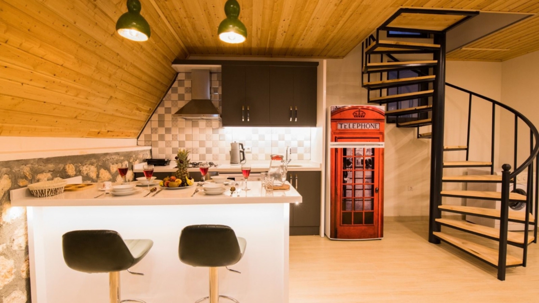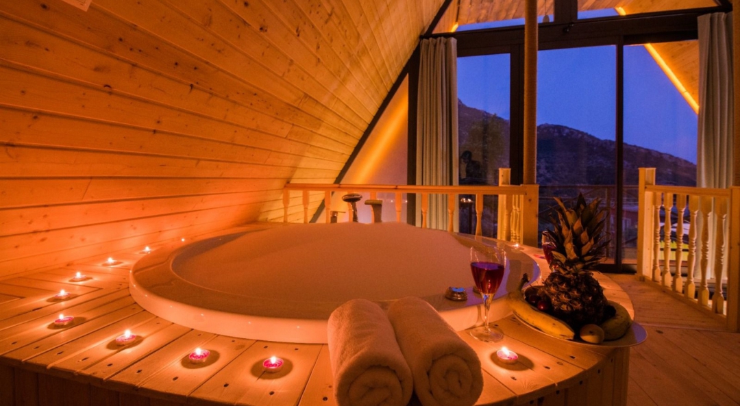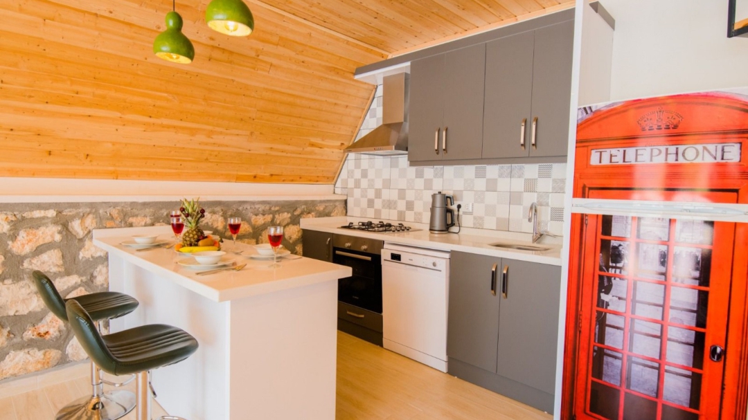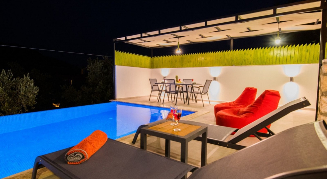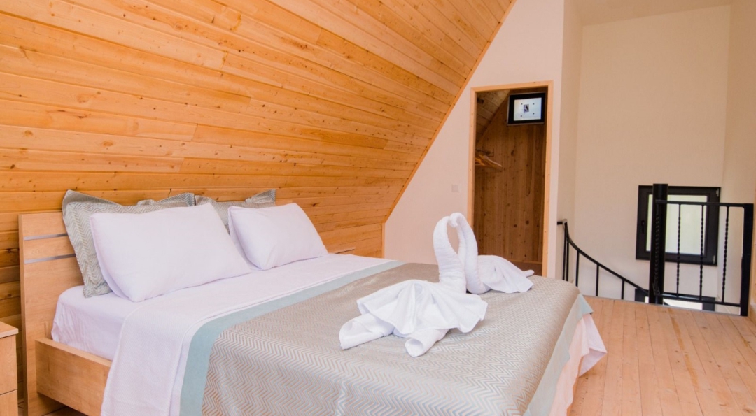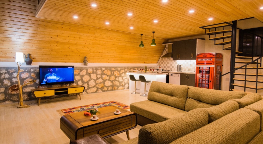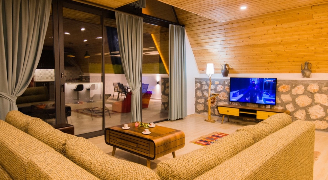 Ahşap bungalov tarzındaki yapı tek yatak odalıdır. İslamlar köy yolu üzerinde yer alır. Havuz alanı korunaklıdır. İki kişilik seçenek balayı konseptindedir. Kalkan merkeze yaklaşık 5 kilometre uzaklıktadır. Doğa içinde yer alır. Zemin kat; salon, mutfak ve havuz terasından oluşur. Yatak odası asma kat şeklindedir. Yatak odasında jakuzi de mevcuttur.
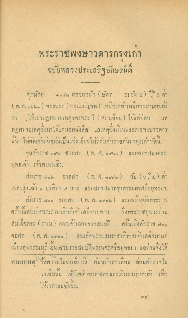 พระราชพงศาวดาร กรุงเก่า(ฉบับหลวงประเสริฐอักษรนิติ์)
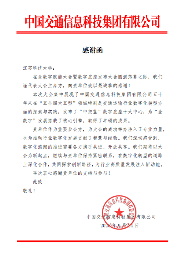 近日,我们收到中国交通信息科技集团有限公司发来的《感谢函》,衷心感谢学校作为全数字赋能大会暨数字底座发布会重要参会方,为大会成功举办提供的专业支持,以及在推动行业数字化发展方面所做出的积极贡献。感谢函中提到,站在新起点,希望双方保持紧密联系,在数字化转型的道路上深化合作,共同探索创新路径,为行业高质量发展注入新动能。
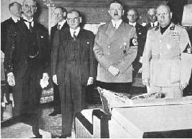 England og Frankrigs ambassadører i Prag meddelte den tjekkoslovakiske regering, at de burde opgive de områder, hvor mere end halvdelen af beboerne var tyske. Tjekkoslovakiet, som følte, at det blev svigtet af de vestlige allierede, accepterede modstræbende. I mellemtiden havde Hitler kontaktet Polen og Ungarn og tilbudt dem hver en bid af Tjekkoslovakiet, hvis de ville lade Tyskland indtage Tjekkoslovakiet. Begge lande accepterede.
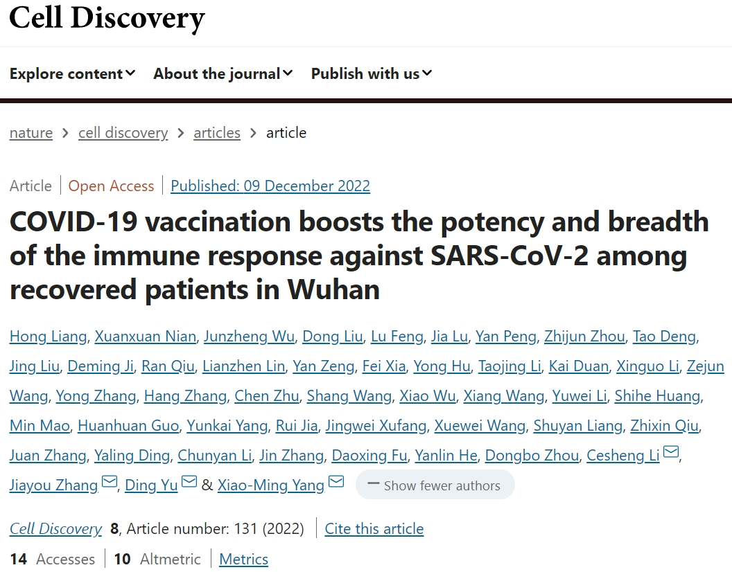 【環球時報-環球網報道 記者 樊巍】2022年12月09日,國際頂級學術期刊《Cell Discovery》雜誌上發佈一項關於武漢地區新冠康復者兩年後的免疫變化,以及接種滅活疫苗後能夠維持長期免疫力的研究結果。*研究表明,**康復者接種滅活疫苗後,激發機體產生更廣泛的抗體譜,可有效中和新冠突變株,同時誘導機體產生針對新冠病毒的多功能記憶性T細胞。*此前多項研究也表明,廣泛的抗體譜可產生對新冠病毒突變株的交叉保護作用,有效地中和德爾塔與奧密克戎等突變株。因此,新冠康復者仍應積極接種奧密克戎株新冠滅活疫苗,以產生長期免疫能力,同時滅活疫苗可以激活康復者的記憶CD4+ T細胞識別突變株表位並快速產生免疫應答,即使感染了新冠病毒仍可以迅速產生保護。
┄┄┄┄┄┄┄┄┄┄
[What the task asks]: Output the whole listing exactly. Pictures stay out.

[Expected output]:
 Ahşap bungalov tarzındaki yapı tek yatak odalıdır. İslamlar köy yolu üzerinde yer alır. Havuz alanı korunaklıdır. İki kişilik seçenek balayı konseptindedir. Kalkan merkeze yaklaşık 5 kilometre uzaklıktadır. Doğa içinde yer alır. Zemin kat; salon, mutfak ve havuz terasından oluşur. Yatak odası asma kat şeklindedir. Yatak odasında jakuzi de mevcuttur.
 พระราชพงศาวดาร กรุงเก่า(ฉบับหลวงประเสริฐอักษรนิติ์)
 近日,我们收到中国交通信息科技集团有限公司发来的《感谢函》,衷心感谢学校作为全数字赋能大会暨数字底座发布会重要参会方,为大会成功举办提供的专业支持,以及在推动行业数字化发展方面所做出的积极贡献。感谢函中提到,站在新起点,希望双方保持紧密联系,在数字化转型的道路上深化合作,共同探索创新路径,为行业高质量发展注入新动能。
 England og Frankrigs ambassadører i Prag meddelte den tjekkoslovakiske regering, at de burde opgive de områder, hvor mere end halvdelen af beboerne var tyske. Tjekkoslovakiet, som følte, at det blev svigtet af de vestlige allierede, accepterede modstræbende. I mellemtiden havde Hitler kontaktet Polen og Ungarn og tilbudt dem hver en bid af Tjekkoslovakiet, hvis de ville lade Tyskland indtage Tjekkoslovakiet. Begge lande accepterede.
 【環球時報-環球網報道 記者 樊巍】2022年12月09日,國際頂級學術期刊《Cell Discovery》雜誌上發佈一項關於武漢地區新冠康復者兩年後的免疫變化,以及接種滅活疫苗後能夠維持長期免疫力的研究結果。*研究表明,**康復者接種滅活疫苗後,激發機體產生更廣泛的抗體譜,可有效中和新冠突變株,同時誘導機體產生針對新冠病毒的多功能記憶性T細胞。*此前多項研究也表明,廣泛的抗體譜可產生對新冠病毒突變株的交叉保護作用,有效地中和德爾塔與奧密克戎等突變株。因此,新冠康復者仍應積極接種奧密克戎株新冠滅活疫苗,以產生長期免疫能力,同時滅活疫苗可以激活康復者的記憶CD4+ T細胞識別突變株表位並快速產生免疫應答,即使感染了新冠病毒仍可以迅速產生保護。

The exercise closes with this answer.